Getting to know the TikTok Research API
By Laura Edelson
Early this year, I got access to the TikTok Research API. Other folks at Cybersecurity for Democracy have been using this API for a little while, so I had a leg up in understanding how to use it. I wanted to pay that forward, and also share some interesting early results that may highlight both what is possible with the API and what the gaps might be.
TikTok’s Research API has a lot to recommend it, although more development is certainly needed. To start with the good: data returned about posts contains both view counts and engagement counts. This is a serious limitation of CrowdTangle, for example, and platforms have historically been stingy about sharing view counts with researchers. View counts are critical for understanding how users experience platforms, which can’t be directly inferred from the prevalence of content alone. And the good doesn’t end there: Videos have a text transcription available in a field called ‘voice_to_text’, although for our data only one-fifth of them had this field populated. This can be a serious cost savings for researchers who might otherwise need to download their videos and use an (expensive) transcription API or develop their own model. There is also a well-developed codebook that lays out what data are available, and the API supports queries with complex filtering combinations. Regarding the bad, there currently is no official Python wrapper for the API (although C4D built one for this and other research, and we’ll be open-sourcing that in a couple of weeks). Also, the rate limit is fixed at 1,000 requests per day, with a request returning a maximum of 100 videos. In all fairness, this is likely fine for folks who want to study communication inside communities, but for researchers like my team who want to study the algorithm itself, this level feels a little restrictive. Finally, the view and engagement counts reported through the API are often significantly lower than what is reported through the app. TikTok says this is because of an archiving delay, and that accurate data can take up to 10 days to populate, but this doesn’t really explain what I saw. I was requesting data that was months old, and the counts still were way off in some cases.
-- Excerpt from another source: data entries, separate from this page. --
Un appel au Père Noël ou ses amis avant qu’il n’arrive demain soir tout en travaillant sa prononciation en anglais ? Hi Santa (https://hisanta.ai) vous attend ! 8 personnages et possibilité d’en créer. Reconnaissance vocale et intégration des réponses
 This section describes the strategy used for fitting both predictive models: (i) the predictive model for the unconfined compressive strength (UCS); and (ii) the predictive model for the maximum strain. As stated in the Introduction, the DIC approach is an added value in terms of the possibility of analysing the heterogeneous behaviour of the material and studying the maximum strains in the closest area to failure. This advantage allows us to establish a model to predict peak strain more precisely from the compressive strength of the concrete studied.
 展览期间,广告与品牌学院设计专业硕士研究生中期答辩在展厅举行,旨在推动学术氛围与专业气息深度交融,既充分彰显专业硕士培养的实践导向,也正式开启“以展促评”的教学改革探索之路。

In this work, I use solely numbers retrieved from the TikTok API.
A Few Words About TikTok
For folks who are unfamiliar with TikTok, the platform doesn’t rely on social networks, unlike Instagram or X. Users are immediately shown a ‘For You’ page, which shows them one piece of content at a time that will play in a loop until they swipe to the next. Users can follow other users, but doing that doesn’t impact their ‘For You’ page. According to leaked documents, TikTok’s feed algorithm is designed to maximize ‘Time Spent’, and it does that primarily by identifying what kind of content you like to see, rather than which creators you want to see content from.
Data Collection
I wanted to study the spread of content about the war in Israel and Gaza, so I started with a list of 50 hashtags about the conflict. Six were typically associated with ‘General’ content, 22 were associated with ‘Pro-Palestine’ content, and 22 were ‘Pro-Israel’. Because of the low rate limit, I focused data collection on 11 specific, 3-day time windows around key events, plus one ‘quiet’ period when (relatively) less was going on. The first time period was Oct. 7-9, 2023, and the last was Jan. 26-29, 2024. I requested data in March and April of 2024 through the TikTok API for my specified hashtags and specified time periods for the US.
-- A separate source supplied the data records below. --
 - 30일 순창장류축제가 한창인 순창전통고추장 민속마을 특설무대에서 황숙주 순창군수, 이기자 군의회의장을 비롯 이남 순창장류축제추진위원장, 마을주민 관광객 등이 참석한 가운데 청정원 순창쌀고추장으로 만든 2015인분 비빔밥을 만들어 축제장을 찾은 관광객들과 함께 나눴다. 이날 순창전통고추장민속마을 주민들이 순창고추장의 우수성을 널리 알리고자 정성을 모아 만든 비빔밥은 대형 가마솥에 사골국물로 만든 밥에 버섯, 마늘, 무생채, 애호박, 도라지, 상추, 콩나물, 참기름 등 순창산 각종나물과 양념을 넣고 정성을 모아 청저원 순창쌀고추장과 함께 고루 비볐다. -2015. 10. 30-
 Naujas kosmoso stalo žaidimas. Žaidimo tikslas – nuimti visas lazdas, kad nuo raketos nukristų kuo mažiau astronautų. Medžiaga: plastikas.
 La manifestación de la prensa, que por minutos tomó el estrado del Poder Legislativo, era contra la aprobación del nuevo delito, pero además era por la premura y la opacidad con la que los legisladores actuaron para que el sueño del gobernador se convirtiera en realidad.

To validate the hashtags, I first reviewed 11 randomly selected posts for each hashtag to ensure they were relevant to the events in Israel & Gaza and that the General/Pro-Israel/Pro-Palestine stance labels were correct. After this review, 2 Pro-Israel, 1 Pro-Palestine, and 2 General were removed for lack of relevance, but the stances were all determined to be generally correct (though not perfect). Of course, each post has multiple hashtags. To deal with this, each post was coded as ‘Pro-Israel’ if it contained only Pro-Israel or General coded hashtags, ‘Pro-Palestine’ if it contained only Pro-Palestine or General hashtags, ‘Mixed’ if it contained both Pro-Israel and Pro-Palestine hashtags, and ‘General’ if it contained only ‘General’ hashtags. There were only a small number of ‘Mixed’ posts, and for reasons of coherence, these posts were also removed. This left us with 282,433 total posts.
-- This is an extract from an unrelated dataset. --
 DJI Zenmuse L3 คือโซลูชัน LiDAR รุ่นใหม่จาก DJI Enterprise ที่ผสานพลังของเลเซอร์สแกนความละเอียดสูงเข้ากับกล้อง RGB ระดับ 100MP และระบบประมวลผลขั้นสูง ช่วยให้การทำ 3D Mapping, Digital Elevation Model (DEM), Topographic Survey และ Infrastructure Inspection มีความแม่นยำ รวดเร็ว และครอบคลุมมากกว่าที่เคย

Another C4D researcher and I labeled another random sample of 150 Pro-Israel, Pro-Palestine, and General posts (50 each). We had a relatively high agreement (agreed on 146 of 150 tags) and found that the Pro-Israel and Pro-Palestine tags were very accurate, 94% and 92% respectively. The General tags were less so - they were only ~66% accurate. The biggest source of error in the General stance category was from 'trend chasing.’ Once a hashtag is trending, other users will attach it to unrelated posts in a bid to boost attention on their content. This didn’t seem to impact the highly viewed General content much, so this strategy doesn’t appear to work all that well on TikTok. It also means that this type of error is concentrated in low-view posts. Otherwise, the errors among posts that were relevant to the conflict but weren’t ‘General’ reflected the background posting activity, which meant more were Pro-Palestine than Pro-Israel. This type of error did occasionally happen among highly viewed posts. Phew, boring preliminaries out of the way, on to the results.
Post Stances
‘General’ Posts
Overall, there were 101,706 ‘General’ posts which received a total of ~492M views, for an average of 4,833 views per post. Most of the General content I reviewed (both the highly viewed content as well as the random samples) was news content about ongoing events in Gaza. Sometimes this is content posted by news outlets themselves, but sometimes it is individual accounts reposting a screengrab or even a camera recording of a screen playing the original content. Anecdotally, it was surprising to me how few mainstream news sources appeared to be active on TikTok. Which is not to say they are totally absent: content from a couple major outlets including the Daily Mail did show up among the highly-watched content, and I observed several widely-seen posts that were clearly sourced from mainstream news sources and ‘TikTokified’ by what appeared to be non-affiliated authors, so this doesn’t appear to be because of lack of demand.
‘Pro-Israel’ Posts
There were 8,843 ‘Pro-Israel’ posts during these time periods, which received an average of 1,584 each and a total of 14M views. Some of this content was from individuals posting their own commentary about the conflict, some was cell phone-captured videos of relevant events paired with text commentary, and there were also some meme style videos with messages of support.
‘Pro-Palestine’ Posts
‘Pro-Palestine’ content was the most numerous in the dataset with 170,430 posts. Those posts received ~236M views, for an average of 1,386 views per post. In terms of content style, the Pro-Palestine content I reviewed was mostly similar to the Pro-Israel posts, in that they were typically personal reflections, videos of events overlaid with commentary, and memes.
Posting Activity
When we look at posting activity by stance, there appear to be two distinct patterns over time. General and Pro-Israel content peak early and then slowly decay over time. This is a familiar pattern that we’ve seen before after other major events, such as Russia’s invasion of Ukraine. However Pro-Palestine posting activity is on an entirely different trajectory. Instead of peaking early, there is a big jump in the second week followed by a steady increase over time, peaking in the Nov. 15th window before declining symmetrically for the remainder of 2023.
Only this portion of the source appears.